Et, avant tout, il s’agit ici d’une violation du droit à la santé des populations et de millions d’enfants. Pour leur intérêt supérieur, aucun clivage ne doit primer. Et c’est scandaleux que l’on prive les populations ivoiriennes de cet important don parce que la présidente de la Fondation qui l’offre s’appelle Chantal Doué. En acceptant de confier les dons à la Fondation Didier Drogba et au ministère de la Santé, l’épouse de l’ex-Cema a fait preuve d’une grandeur d’esprit et d’un patriotisme noble avéré. Elle a mis sa personne au second plan.

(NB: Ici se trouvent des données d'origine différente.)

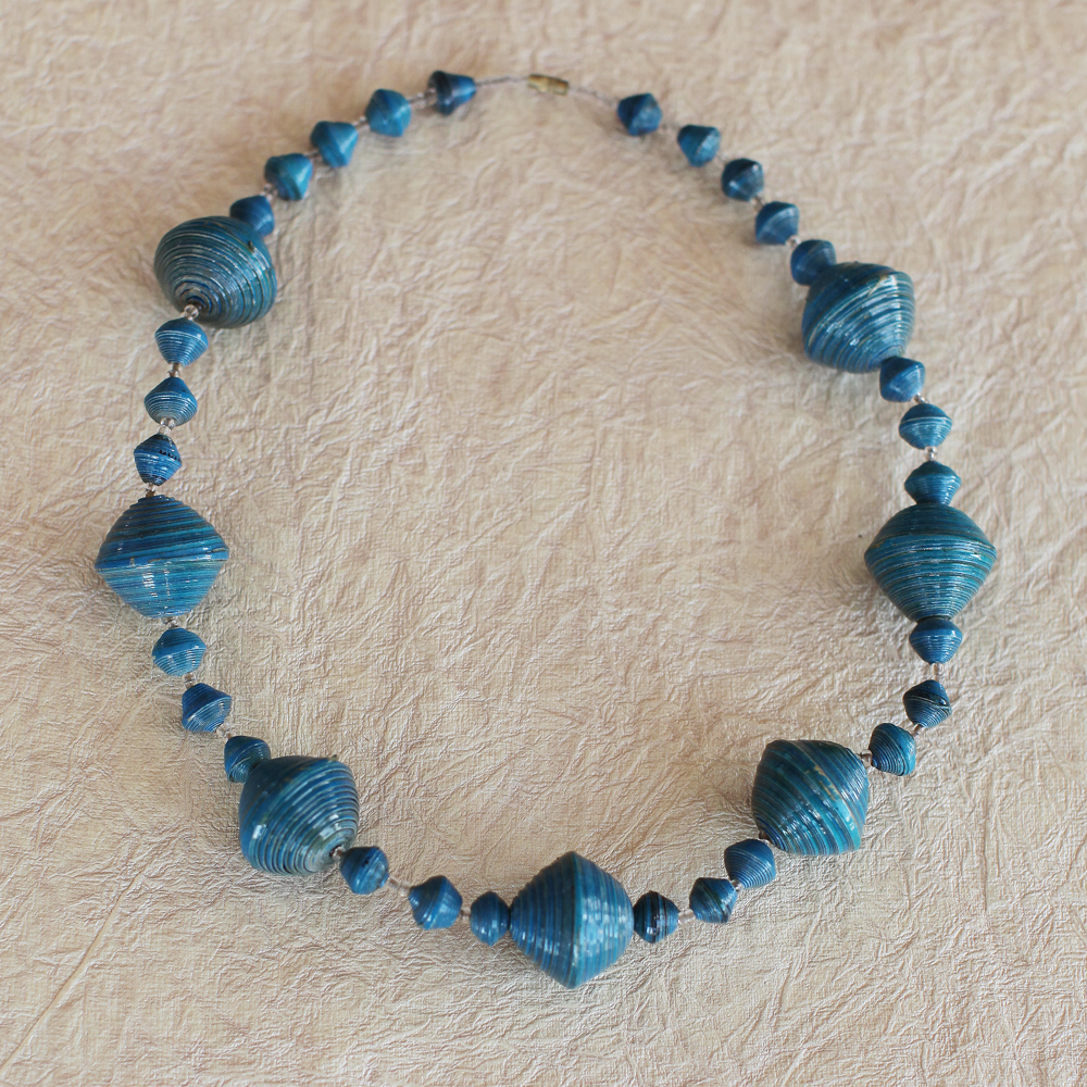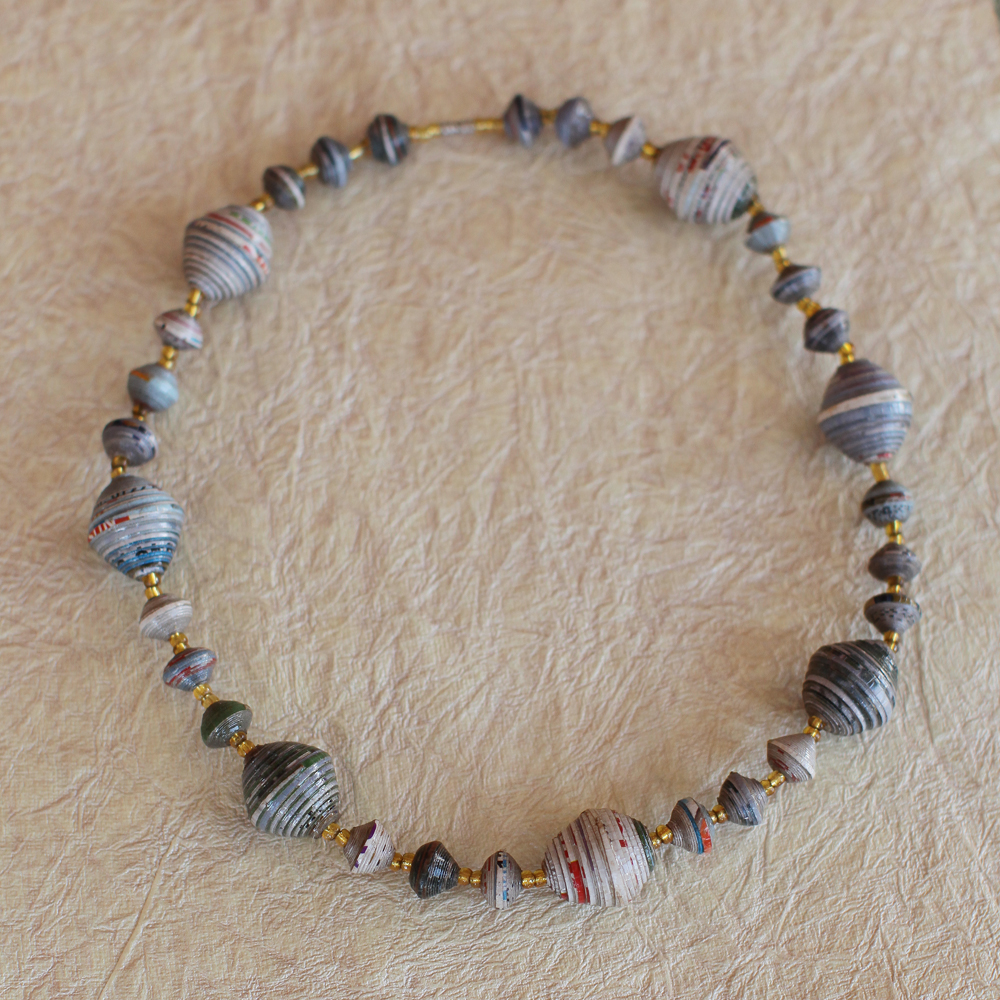 Every bead is handcrafted from 100% recycled paper. Each bead is carefully rolled creating it's unique and distinctive design. Because each item is uniquely handmade and crafted, each photo is a close example but not exact replica.

Encadré : Le sursaut de la diaspora

A quelque chose malheur est bon. Ce scandale qui se profile à l’horizon a fouetté l’orgueil de la diaspora ivoirienne aux Etats Unis. Certains que nous avons joint dans le cadre de ce dossier, jurent la main sur cœur, de se saigner des quatre veines, pour faire parvenir ce matériel au pays, si l’Etat persiste dans son inertie. Cela est d’autant crucial que le pays, grâce à des ressortissants ivoiriens vivant au pays de l’oncle Sam et l’Ong Birthright Africa, la Côte d’Ivoire va recevoir chaque année un important don de matériels médicaux de bonne qualité pour l’équipement des structures sanitaires du pays. Ils n’entendent pas faire perdre cette aubaine au pays par la faute de certains politiciens qui ne mettent pas au devant les intérêts des populations. Les Ong de droit de l’Homme sont surtout interpellées sur la question.